Mary soon arrives at the apartment, followed closely by Hamilton, who jumps to the wrong conclusion and attacks Thorpe, thinking his wife has planned a rendezvous with the attorney.

Meanwhile, Winifred had decided to take the boy and flee only to find he had left the apartment. She eventually finds Sonny Boy who had seen an interesting theater marquee, climbed down the fire escape, and had gone to the movies. The appearance of Winifred and Sonny Boy back at the apartment clears the air, revealing the truth about why Mary is at Thorpe's apartment.

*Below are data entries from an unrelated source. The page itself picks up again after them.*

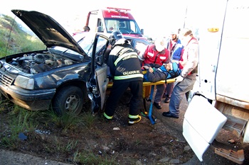 Com o forte impacto o motorista do Kadett sofreu ferimentos diversos pelo corpo e não conseguiu sair do interior do carro, sendo necessária a atuação de uma guarnição de resgate do Corpo de Bombeiros Voluntários.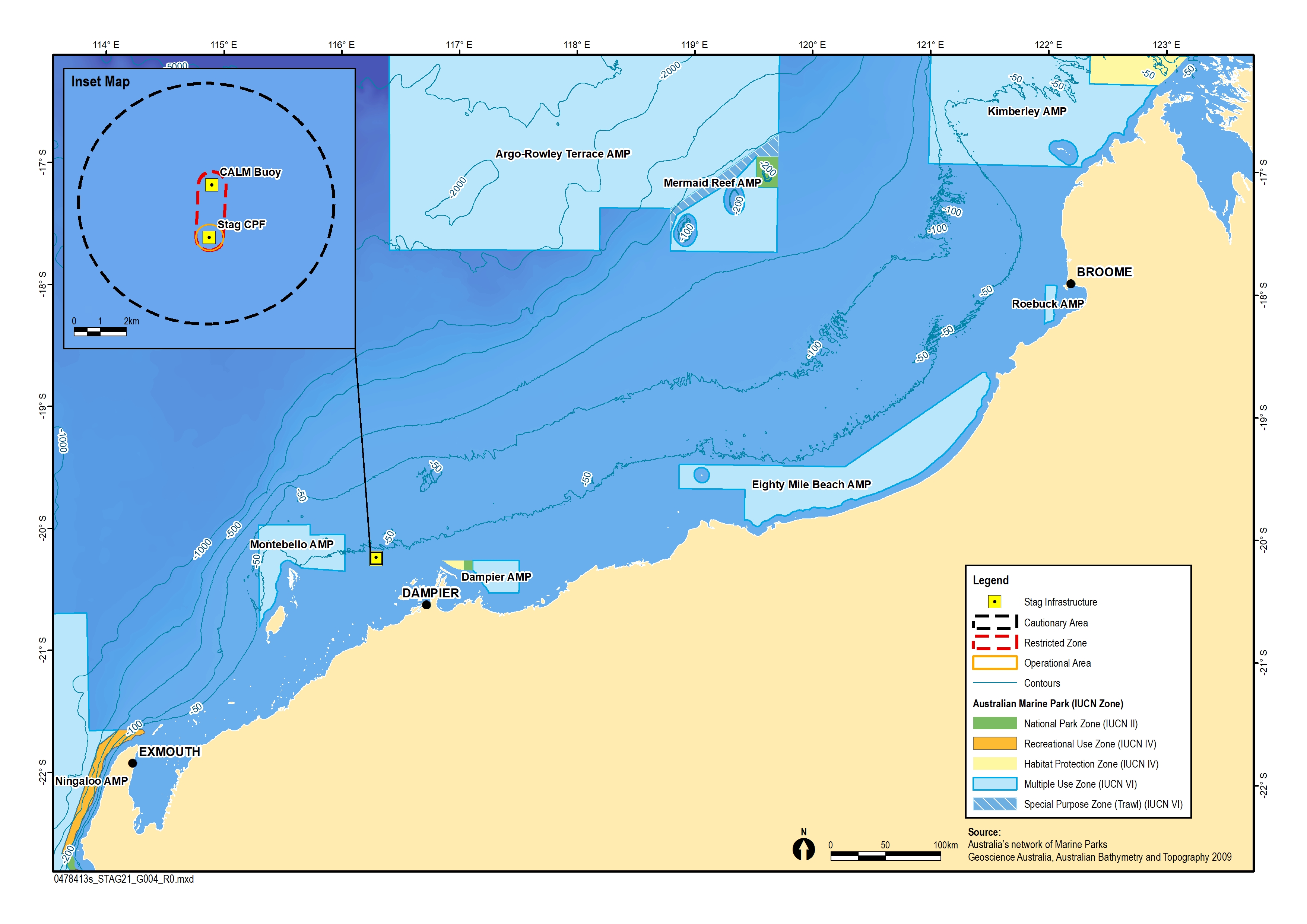 The location of the proposed production wells and P&A activity are at the Stag Central Production Facility (CPF) platform, within permit WA-15-L. The CPF is located on the North-west shelf (NWS) off Western Australia (WA), approximately 60 km north-west of Dampier. The Operational Area is defined as the area within a 500m radius that extends around the tophole location of the well activity, which is at the Stag CPF.
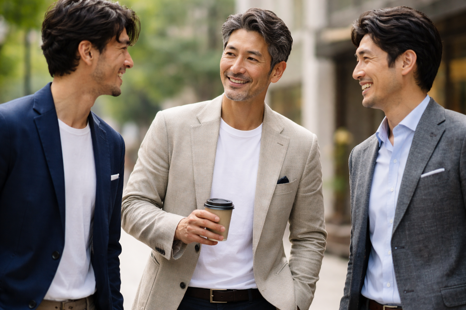 Tシャツ1枚では心もとない場面でも、上質なシャツや軽いジャケットを1枚羽織るだけで、周囲に与える安心感は格段に向上します。
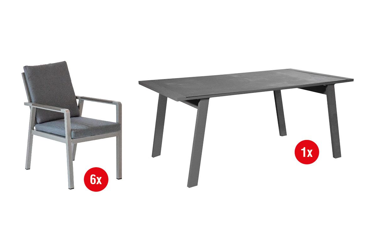 Gartengarnitur Lissabon 7-teilig - Farbe: graualuminium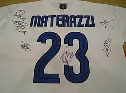 Materazzi was born in Lecce, where his father, Giuseppe, a professional footballer, was playing for US Lecce.[5] Giuseppe was also a former football coach and manager of teams such as Pisa, Lazio, Sporting CP and Tianjin TEDA. Materazzi's mother died when he was 15 years old.[5][118][119] As stated by his father, Materazzi grew up a supporter of Lazio. His brother Matteo is a sports agent.[120][121]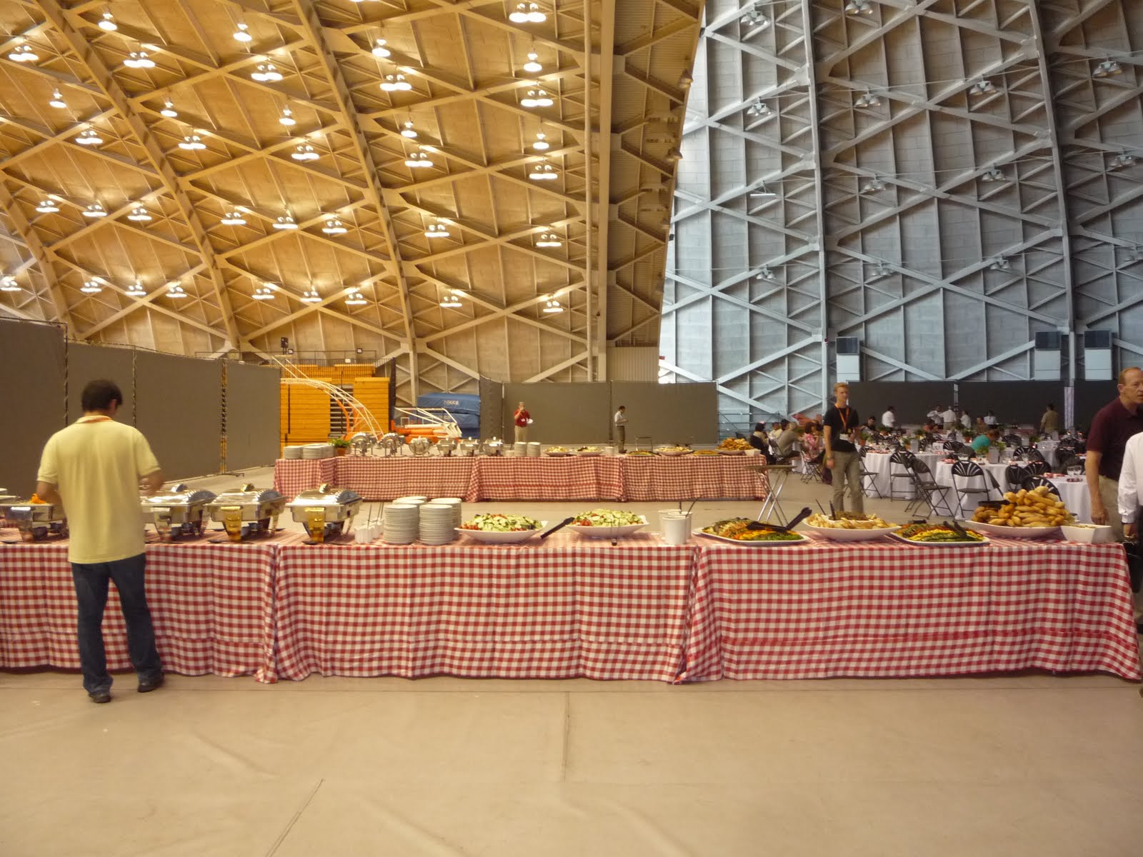 Нет, места для многочисленных столов там хватило, даже забавно было сидеть под таким высоким куполом, но вот на кондиционирование зала они пожадничали. А когда на улице 100 °F, то без кондиционера находиться в помещении неприятно.

With the confusion resolved, Mary and Hamilton reconcile, and Thorpe's parents, thoroughly charmed by Winifred, summon a clergyman to unite their son with the clever young woman who had so convincingly pretended to be his wife. In the last few scenes, Sonny Boy sings a rousing rendition of the hit song "Sonny Boy" that he heard at the movies.

==Cast==
- Davey Lee as Sonny Boy
- Betty Bronson as Aunt Winigred Canfield
- Edward Everett Horton as Crandall Thorpe
- Gertrude Olmstead as Mary
- John T. Murray as Hamilton
- Tom Dugan as Mulcahy
- Lucy Beaumont as Mother Thorpe
- Edmund Breese as Thorpe
- Jed Prouty as Phil
- Richard Talmadge

==Reception==
According to Warner Bros records, the film earned $838,000 domestically and $234,000 foreign.

==Preservation status==
According to silentera.com, a print of Sonny Boy exists.